SECURITIES AND EXCHANGE COMMISSION
WASHINGTON, D.C. 20549
____________________
FORM 8-K
CURRENT REPORT
PURSUANT TO SECTION 13 OR 15(d) OF
THE SECURITIES EXCHANGE ACT OF 1934
Date of Report (Date of earliest event reported): June 13, 2024
AB International Group Corp.
(Exact name of registrant as specified in its charter)
Nevada | 000-55979 | 37-1740351 |
(State or other jurisdiction of incorporation) | (Commission File Number) | (I.R.S. Employer Identification No.) |
144 Main Street, Mt.
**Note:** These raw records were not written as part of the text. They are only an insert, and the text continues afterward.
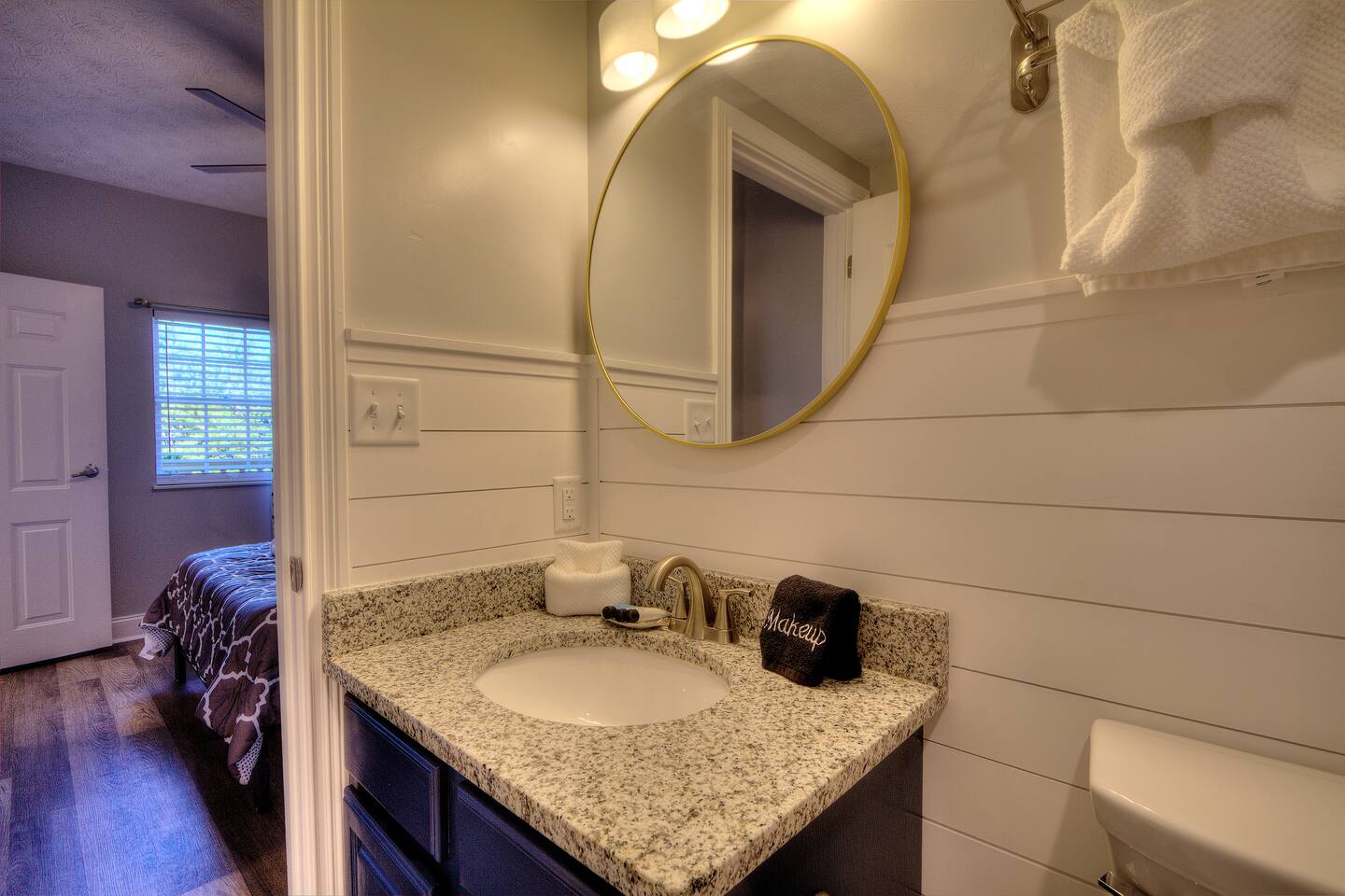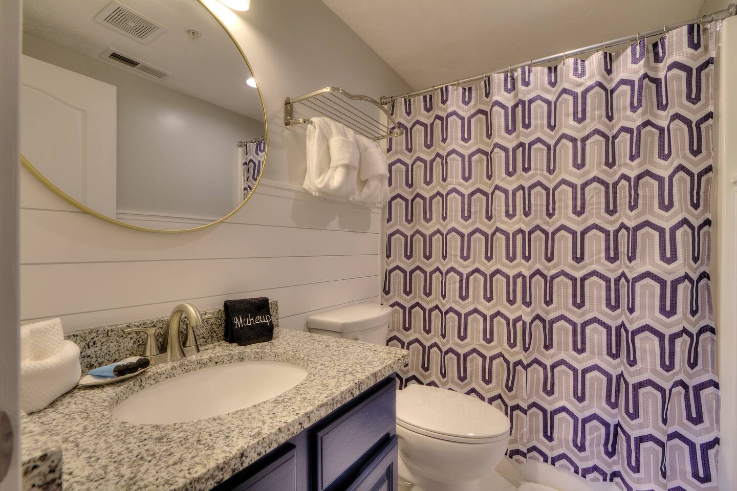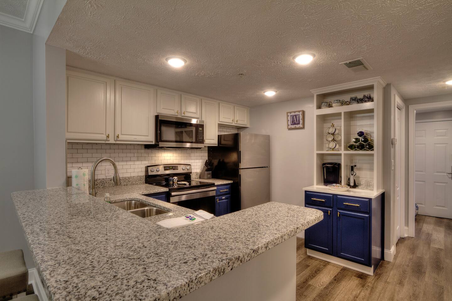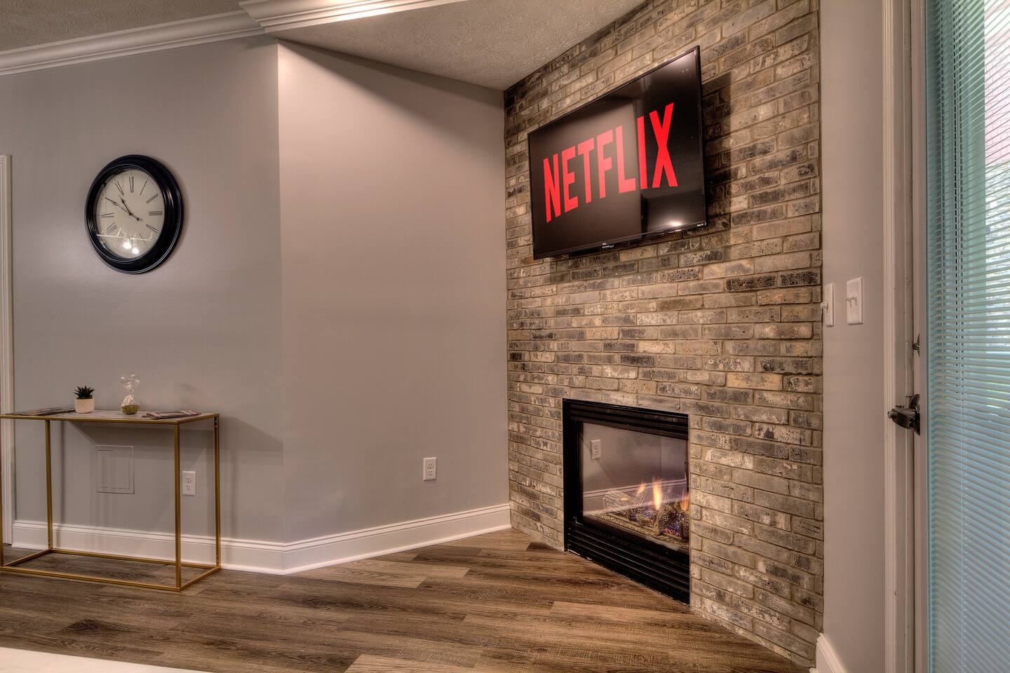 Completely remodeled all new Condo in great location. Close to Dollywood, Ripken, LeConte Center, and everything in Pigeon Forge as well as easy access to Gatlinburg. Fast private high speed internet, HD Cable TV Package, and Free Netflix provided. Kitchen: New granite counter-tops, appliances, cabinets. Full-size refrigerator/freezer, K-Cup Coffee Maker and regular coffee maker, full size stove/oven, full size dishwasher, microwave, toaster, plates, cups, pots, pans, and all basic cookware. Bedroom #1 Spacious Master Bedroom with Queen Bed, Memory Foam mattress, ceiling fan, full guest closet, sitting area with computer desk work space, and 43" HDTV Smart TV. Connects to bathroom #1. Bathroom 1: Large shared bathroom with the living room. Double vanity with make-up station, granite counter-tops, and tiled shower. Towels, hand towels, wash cloths, make up cloths as well as a basic starter set of Shampoo, Conditioner, Lotion, and soap supplied. Bedroom #2 Queen Bed, memory foam mattress, ceiling fan, full closet, private bathroom, 43" HDTV Smart TV. Bathroom 2: Private Bathroom connected to Bedroom #2. Full Bathtub/Shower. Granite countertop vanity. Towels, hand towels, wash cloths, make up cloths as well as a basic starter set of Shampoo, Conditioner, Lotion, and soap supplied. Living Room: Couch and love seat provides seating for a 50" Smart HDTV with Expanded Cable TV and Free Netflix. Beautiful brick fireplace with gas logs, and private balcony that seats 4. Dining Table that seats 6, as well as granite counter-top bar that sits 2 more(seats 8 comfortably)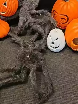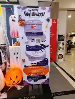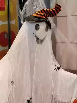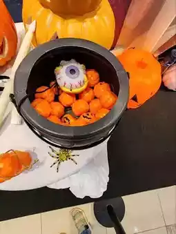 The Halloween decorations in the shopping mall have brought a strong festive atmosphere. Pumpkin lanterns of various sizes take center stage—some wearing witch hats, others with quirky designs. White ghosts float in the air, while elements like spider webs and plush spiders are scattered around, creating a scene that is both playful and slightly eerie. At the center display table, a black cauldron holds small pumpkins and a large eyeball, with candlelight flickering, inviting everyone to join in this ghostly celebration.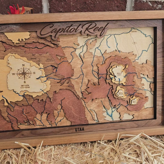 Bring the beauty of Capitol Reef National Park into your home with this handcrafted 3D wood map, featuring intricate layers, natural textures, and a stunning resin-filled river system.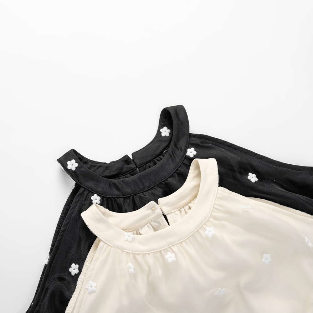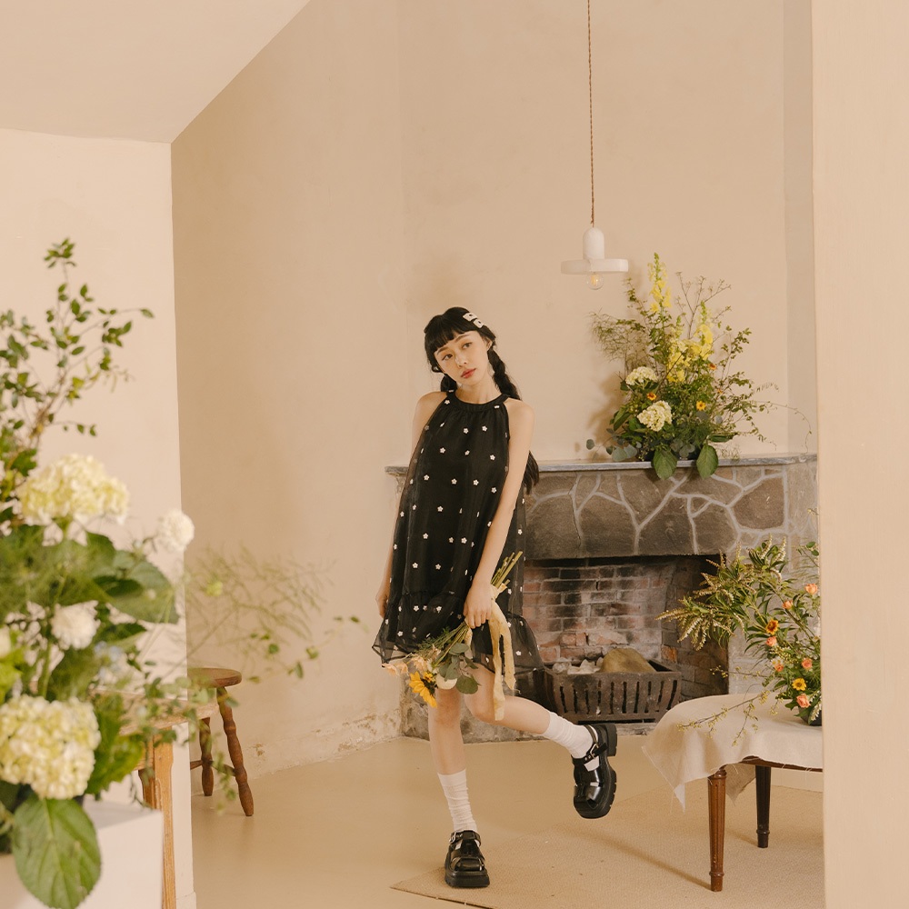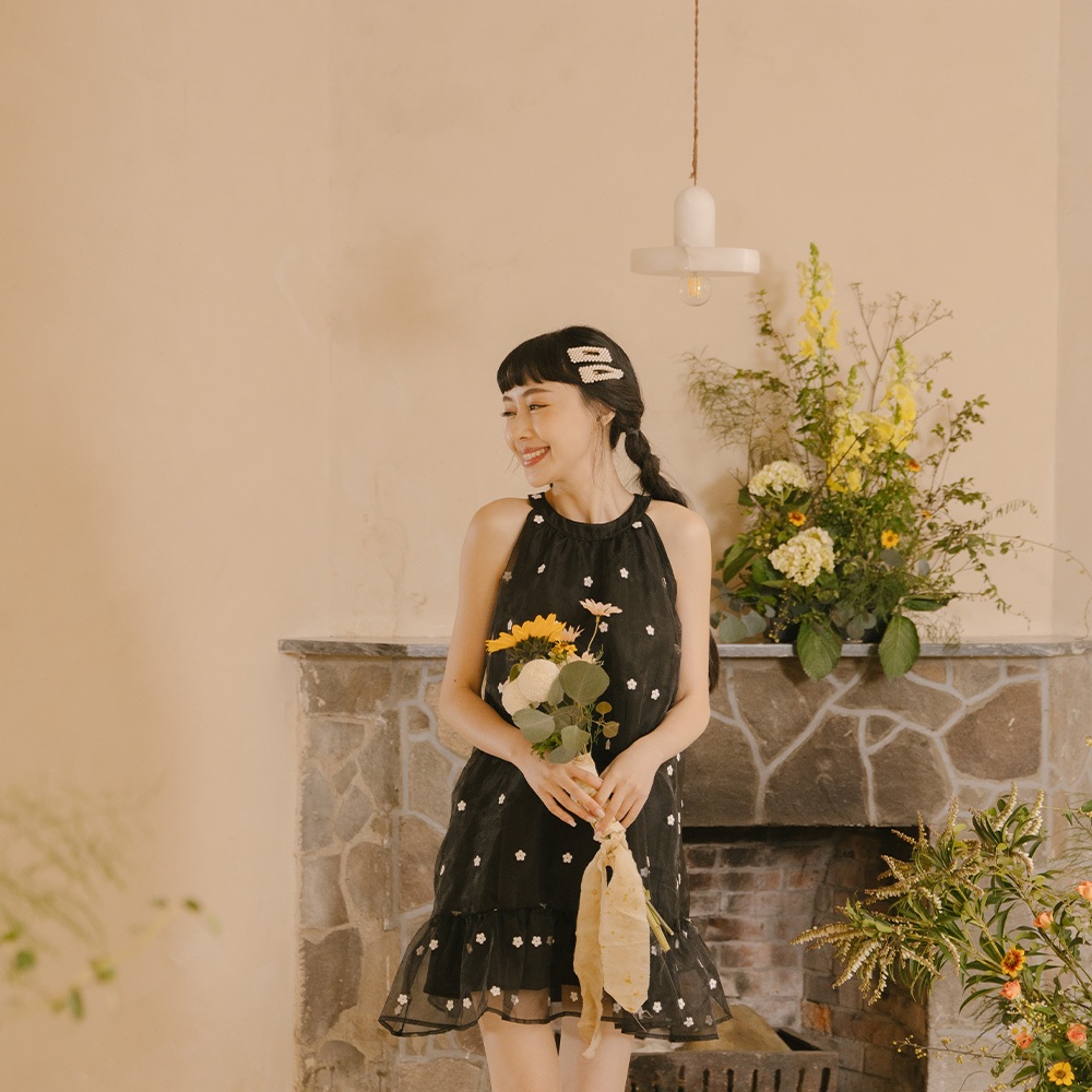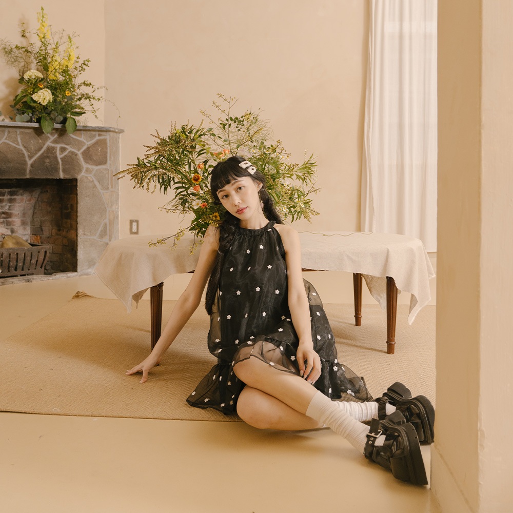 QUEENSHOP_ S 女裝 柏心聯名 刺繡小花削肩透紗短洋裝-黑 S/M 現+預 【01086999】黑S|黑MQUEENSHOP

Kisco, NY |
10549 |
(Address of principal executive offices) | (Zip Code) |
Registrant’s telephone number, including area code: (914) 202-3108
______________________ (Former name or former address, if changed since last report) |
Check the appropriate box below if the Form 8-K filing is intended to simultaneously satisfy the filing obligation of the registrant under any of the following provisions:
[ ] | Written communications pursuant to Rule 425 under the Securities Act (17CFR 230.425) |
[ ] | Soliciting material pursuant to Rule 14a-12 under the Exchange Act (17 CFR 240.14a-12) |
[ ] | Pre-commencement communications pursuant to Rule 14d-2(b) under the Exchange Act (17 CFR 240.14d-2(b)) |
[ ] | Pre-commencement communications pursuant to Rule 13e-4(c) under the Exchange Act (17 CFR 240.13e-4(c)) |
Indicate by check mark whether the registrant is an emerging growth company as defined in Rule 405 of the Securities Act of 1933 (§230.405 of this chapter) or Rule 12b-2 of the Securities Exchange Act of 1934 (§240.12b-2 of this chapter).
Emerging growth company [ ]
If an emerging growth company, indicate by check mark if the registrant has elected not to use the extended transition period for complying with any new or revised financial accounting standards provided pursuant to Section 13(a) of the Exchange Act. [ ]
Item 1.01 Entry into a Material Definitive Agreement.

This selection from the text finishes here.